● Action item:
After dropping the pictures, give again exactly the lines of the data from its first line through the line with "Explora nuestras acogedoras", which is included as well.

● Data shown:
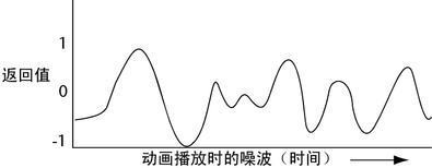 在动画播放时,每次表达式执行都返回 -1 和 1 之间的值。因为时间以细微增量增加,所以返回的值会以平稳但随机的模式增大和减小。如果您要为一段时间中返回的值绘制图表,它们可能会以下图中所示的形式出现:
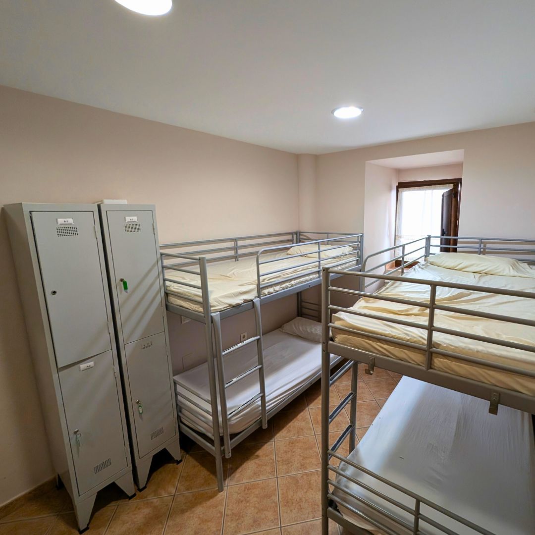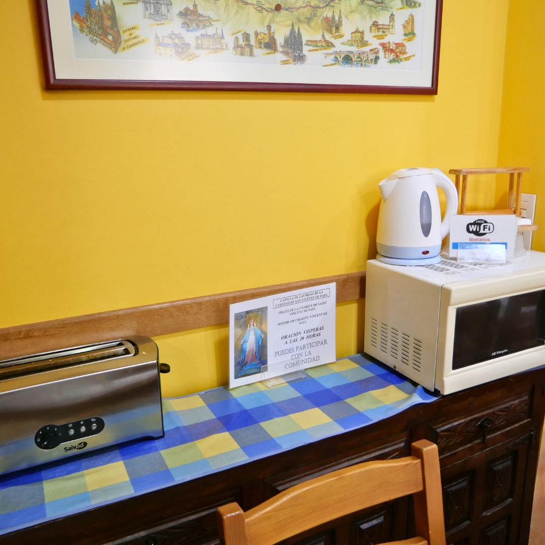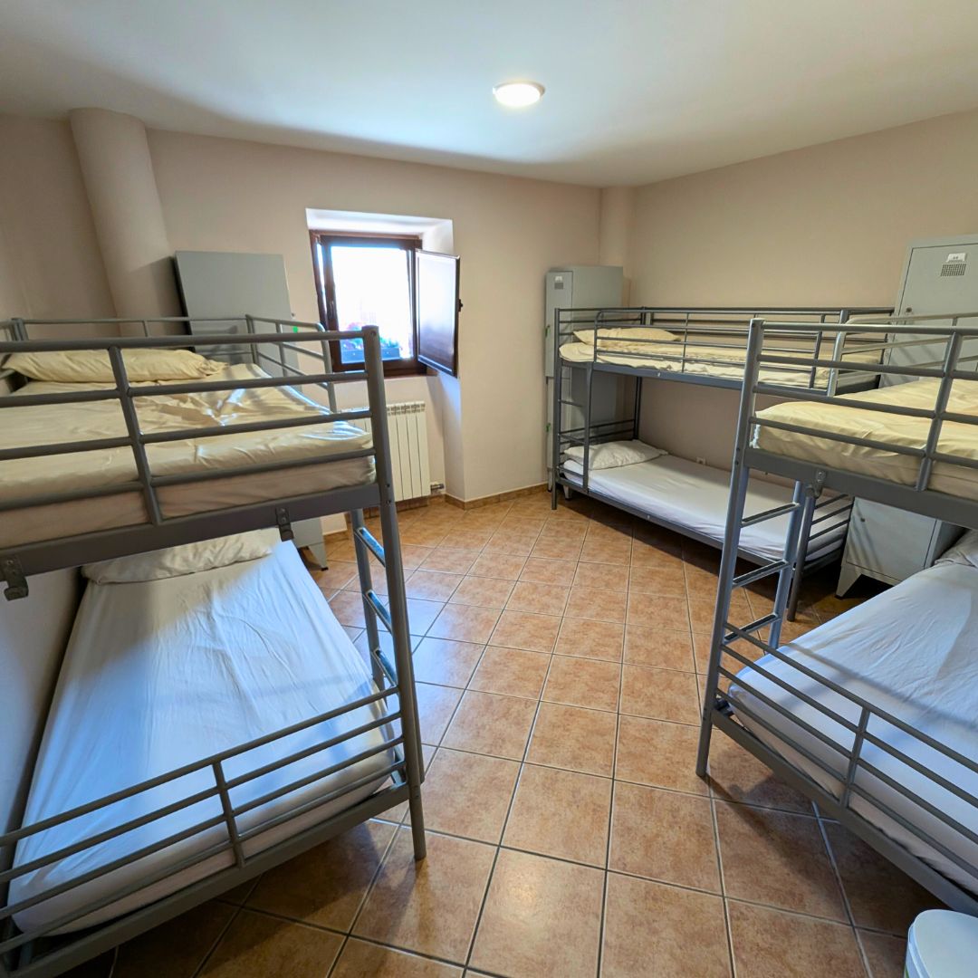 Explora nuestras acogedoras habitaciones con literas, diseñadas para el descanso del peregrino, y echa un vistazo a las taquillas individuales que protegerán tus pertenencias. Imagínate compartiendo anécdotas en nuestras zonas comunes, disfrutando de una reconfortante ducha de agua caliente —con instalaciones adaptadas para todos— o preparando la colada para la siguiente etapa.
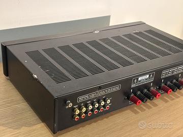 Amplificatore integrato da 30W per canale con alimentatore toroidale che garantisce buona capacità di pilotaggio, dotato di stadio phono che permette di utilizzarlo con ogni giradischi, sulla scocca superiore sono presenti delle macchie sulla vernice ma non compromettono il funzionamento.
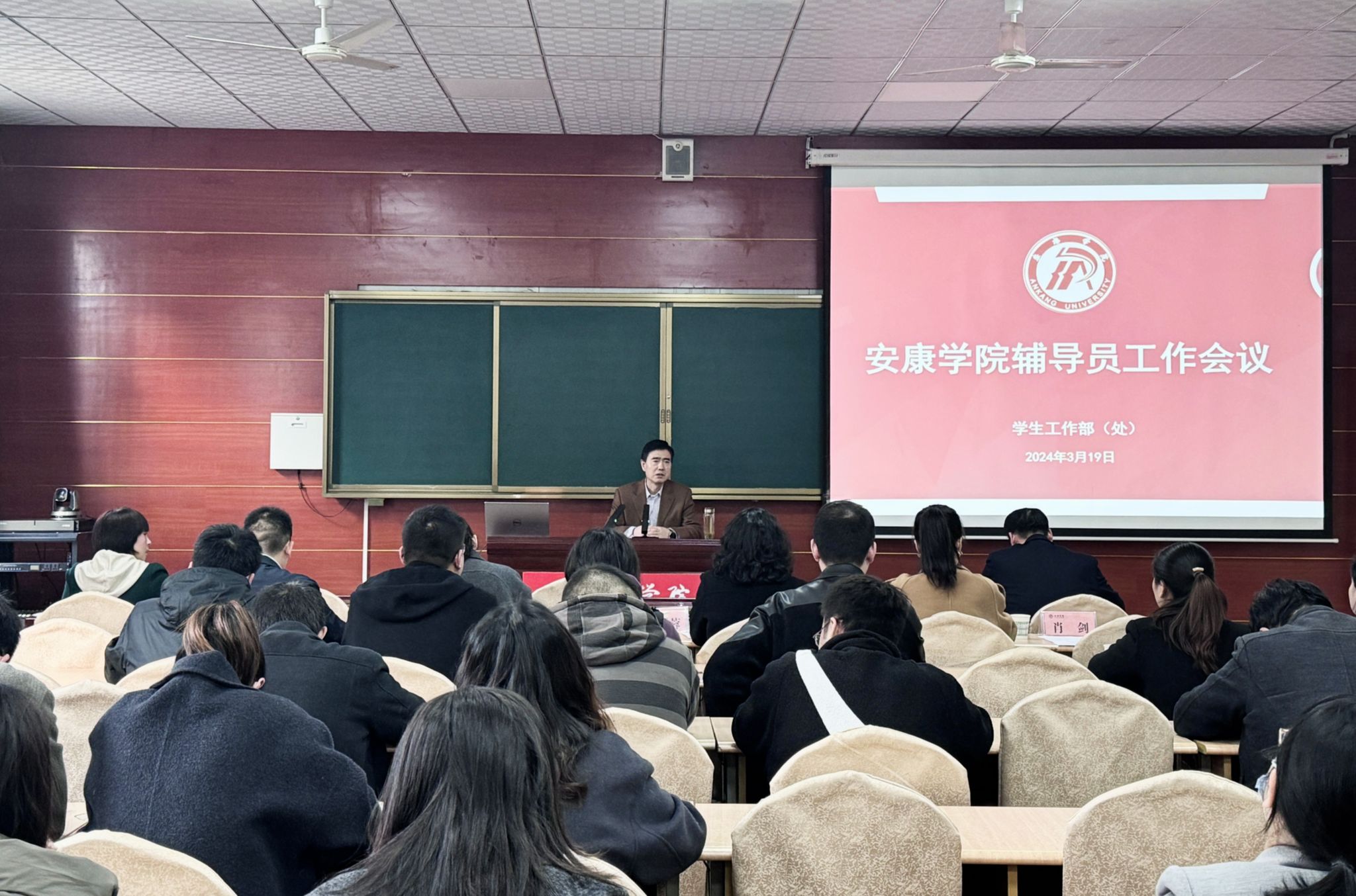 李岩结合省厅和学校工作要求,从学生思想政治教育、新生入学教育及毕业生教育、学风建设、资助工作、日常管理工作、心理健康教育、国防教育、公寓文化节等8个方面对本学期学生工作重点任务进行部署。

● Your response:
 在动画播放时,每次表达式执行都返回 -1 和 1 之间的值。因为时间以细微增量增加,所以返回的值会以平稳但随机的模式增大和减小。如果您要为一段时间中返回的值绘制图表,它们可能会以下图中所示的形式出现:
 Explora nuestras acogedoras habitaciones con literas, diseñadas para el descanso del peregrino, y echa un vistazo a las taquillas individuales que protegerán tus pertenencias. Imagínate compartiendo anécdotas en nuestras zonas comunes, disfrutando de una reconfortante ducha de agua caliente —con instalaciones adaptadas para todos— o preparando la colada para la siguiente etapa.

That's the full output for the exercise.